Sometimes a person may desire to augment their appearance with hair additions (i.e. hair additions or artificial hair integrations) for convenience and style. For example, a person's natural hair may require an inconvenient amount of time and work for appropriately styling their hair. As another example, a person having naturally curly hair, but desiring straight hair, may augment their hair with straight hair additions to save time associated with hot-ironing, which can cause burns or hair damage, or to bypass the need for applying harmful chemical straighteners. In some situations, hair additions may be applied to cover bald spots or thinning or damaged hair.

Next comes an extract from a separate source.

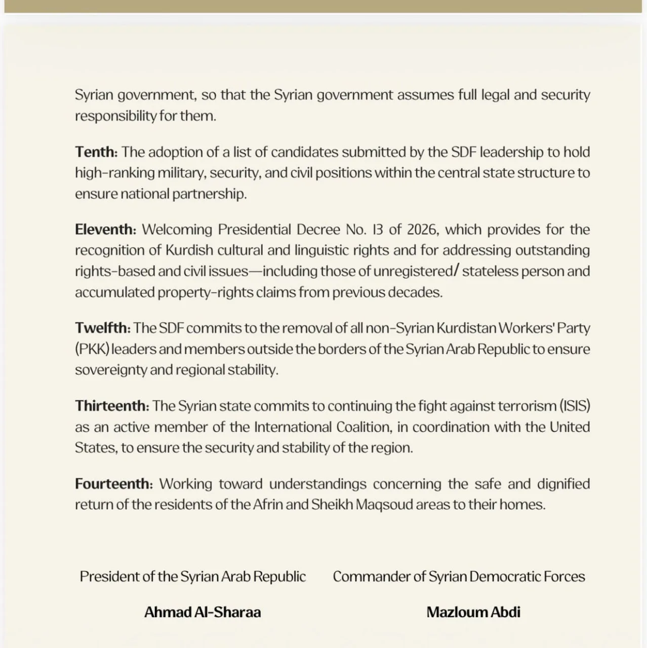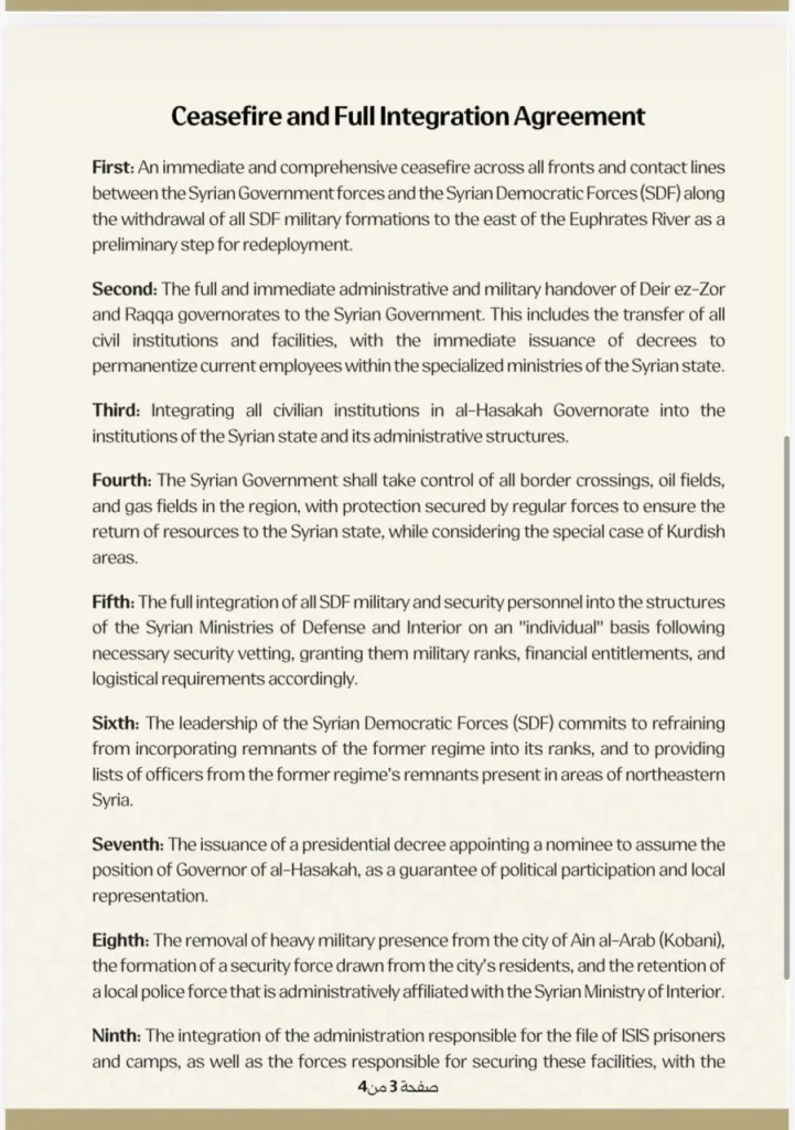 Кроме того, после падения власти Асада в 2024 году, на курдских территориях укрылось множество служивших ему сирийских солдат, полицейских, спецслужбистов и ополченцев. Заключенное соглашение теперь обязывает СДС выдать сирийским властям как минимум всех их офицеров, с понятными для тех последствиями.

Hair additions can be provided pre-styled in various styles and textures. For example, such styles may include silky straight, yaki, deep wave, loose deep wave or romance wave, jheri curl, wet and wavy, indian wave, etc. A hair addition may be loosely provided (i.e. bulk), or provided attached or wefted to a track, weft or net. Hair additions may be attached to a wearer's head in various ways, such as via crocheting, gluing, micro loops, netting, or sewing. For example, bulk hair additions may be sewed to braids (e.g. corn-rows) of a wearer's natural hair, providing the appearance of the additions being rooted on the wearer's scalp.
Hair additions may require washing and drying. For example, it may make more sense to wash, dry and re-apply a set of premium hair additions. Sometimes, a wearer having worn hair additions for many weeks may require their hair and scalp to be massaged, re-braided, re-styled or re-treated before re-applying previously worn hair additions. As such, sometimes hair additions must be removed before washing the hair additions.
The most common method for drying wet hair additions consists of placing wet hair additions on a surface and drying the wet hair additions via a hand-held hair dryer. Sometimes, professional hair salons may require concurrently drying multiple hair pieces, and this method is insufficient for such. For example, a handheld hair dryer is configured to direct focused air, incapable of drying multiple units of hair additions. Further, applying forced air to hair additions sitting on a surface subjects the hair additions to turbulent or random air convection, causing the hair additions to tangle, and may not evenly dry hair additions because the surface may block air convection from evenly drying all surfaces of the hair additions sitting on the surface. For example, blowing air toward hair additions lying on a table may cause the air to blow perpendicular to the lengths of the hair addition strands, causing tangling. Further, uneven application of air convection or heat may cause damage or breakage to hair. Furthermore, it may take longer for wet hair additions to dry while resting on a surface.
There exists drying cabinets for drying multiple hair wigs at once. For example, such drying cabinets include wig mannequin heads or shelves as surfaces to support a wet wig being dried. However, such drying cabinets still require the wigs to be placed on a surface, causing uneven drying as described above, and the cabinets are not configured to evenly dry bulk or loose hair additions or extensions.
Accordingly, there is a need for a hair drying system and method for evenly drying hair additions while keeping the hair additions from tangling or becoming damaged.